Bug 5005

Summary: See bug 3281
Product: [Retired] Red Hat Linux Reporter: theman
Component: passwdAssignee: Cristian Gafton <gafton>
Status: CLOSED NEXTRELEASE QA Contact:
Severity: low Docs Contact:
Priority: low    
Version: 6.0CC: karl, rhbzill
Target Milestone: ---   
Target Release: ---   
Hardware: All   
OS: Linux   
Whiteboard:
Fixed In Version: Doc Type: Bug Fix
Doc Text:
Story Points: ---
Clone Of: Environment:
Last Closed: 1999-09-20 15:06:26 UTC Type: ---
Regression: --- Mount Type: ---
Documentation: --- CRM:
Verified Versions: Category: ---
oVirt Team: --- RHEL 7.3 requirements from Atomic Host:
Cloudforms Team: --- Target Upstream Version:
Embargoed:

Description theman 1999-09-09 01:22:32 UTC
This bug may be filed as resolved, but the bug itself still
exists.
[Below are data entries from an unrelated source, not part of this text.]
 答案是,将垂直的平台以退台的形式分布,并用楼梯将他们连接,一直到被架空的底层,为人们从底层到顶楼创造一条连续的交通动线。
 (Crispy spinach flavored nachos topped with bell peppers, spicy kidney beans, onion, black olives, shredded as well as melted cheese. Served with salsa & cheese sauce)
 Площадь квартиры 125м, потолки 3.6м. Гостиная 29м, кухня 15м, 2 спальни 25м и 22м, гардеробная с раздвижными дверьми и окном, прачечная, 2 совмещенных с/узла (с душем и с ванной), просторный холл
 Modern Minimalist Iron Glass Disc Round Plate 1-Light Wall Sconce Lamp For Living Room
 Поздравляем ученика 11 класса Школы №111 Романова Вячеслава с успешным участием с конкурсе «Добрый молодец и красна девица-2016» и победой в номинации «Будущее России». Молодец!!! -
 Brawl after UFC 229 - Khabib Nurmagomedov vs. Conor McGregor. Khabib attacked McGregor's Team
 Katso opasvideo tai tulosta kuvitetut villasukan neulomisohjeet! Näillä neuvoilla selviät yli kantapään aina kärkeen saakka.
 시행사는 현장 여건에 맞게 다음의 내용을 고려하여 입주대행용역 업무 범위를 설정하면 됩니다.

Requiring somebody who is already root to
hand-modify the passwd file to have "!!" for any user who
doesn't already have a password is completely foolish.
Nobody in their right mind wants this kind of restriction.
Bottom line: as root, running passwd on a user should ALWAYS
succeed, replacing ANY existing contents with the new
crypted password. If you want to annoy "enterprise" class
admins, this is a fine way to do it. Not everyone wants to
use whatever your utility is _this particular release_ to
change users' passwords. Especially when wc -l passwd ==
3000.

Comment 1 Jeff Johnson 1999-09-09 13:26:59 UTC
*** Bug 3281 has been marked as a duplicate of this bug. ***

Am I going crazy?  I installed Red Hat 6.0 (`Everything'),
all was well, I logged in as root on the console, typed
passwd operator to enable a non-root account, it said
  passwd: all authentication tokens updated successfully
but /etc/passwd didn't actually change, the password was
still *.  I tried several different passwords.
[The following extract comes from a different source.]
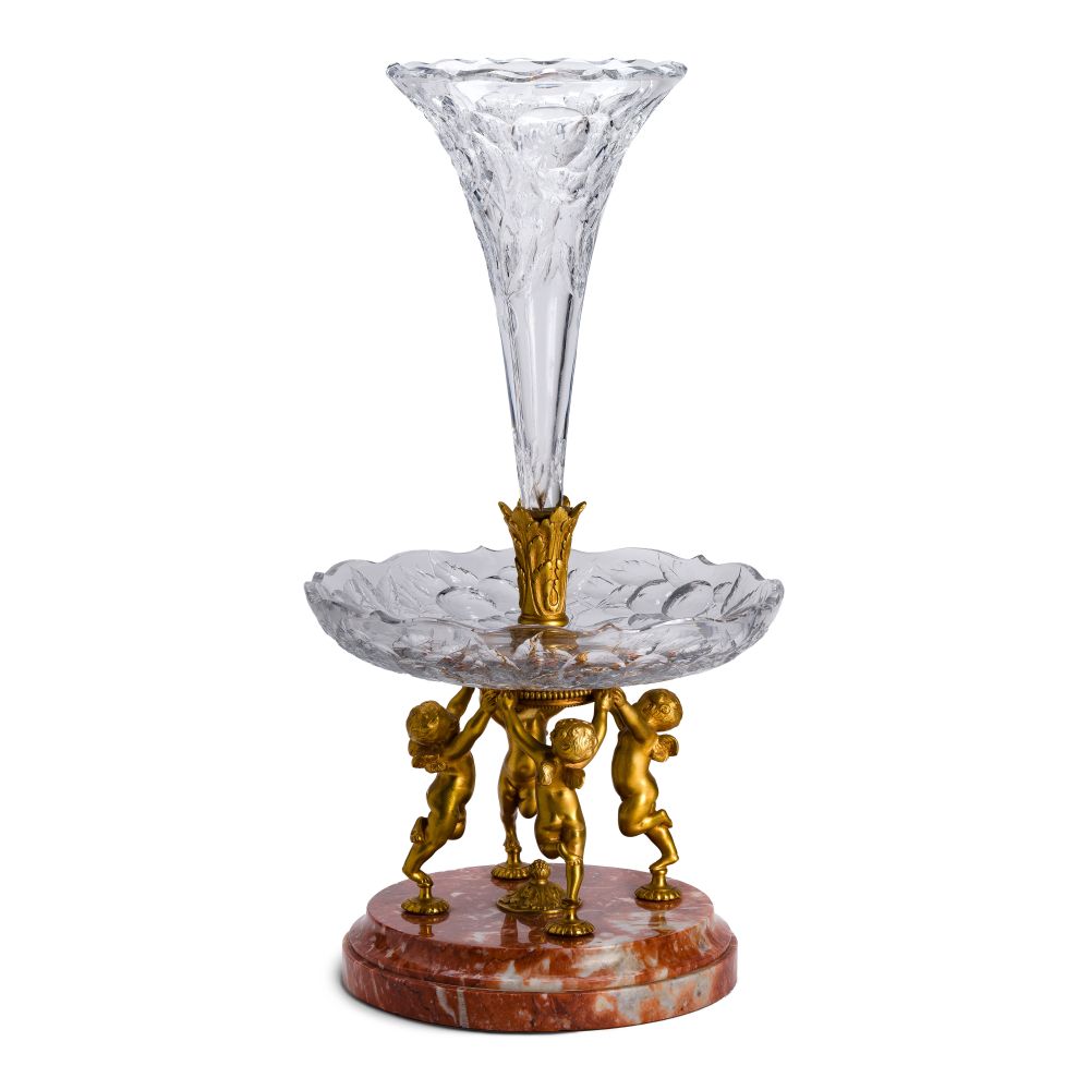 Three-piece construction having a screw-on vase holding the plate to the brass putti mounted marble base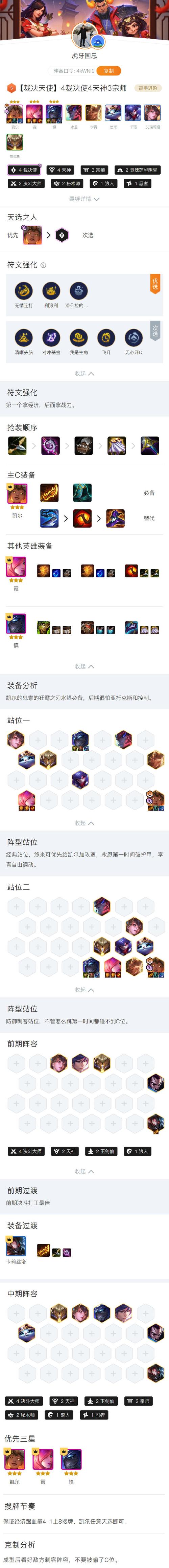 阵容组成:永恩、刀妹、武器、盲僧、肾、猫、霞、千珏、天使。阵容强度:成型必吃分,质量够高能吃鸡。核心装备:羊刀、火炮、旗子(千珏/霞)运营思路:①弓开局的话尽量走连胜,装备不需要抢的情况下。②开局可以三国豹女带装备,也可以看天选走。

I did not enable MD5 passwords or NIS+ on the new setup
screen at the end.

This is not peculiar to operator.  For example, I just tried
passwd bin (another account with a * password), used
jac:jil! for the password, and /etc/passwd didn't change
despite the success message.


------- Additional Comments From jbj  06/05/99 11:12 -------
Change the password field from '*' to '!!' and you will be able to
change the password.

------- Additional Comments From theman.edu  09/08/99 21:17 -------
This is not reasonable. No other unix does anything this stupid. Root
using passwd to change the entry should ALWAYS work, no matter the
existing contents. WHAT THE HELL WERE YOU THINKING?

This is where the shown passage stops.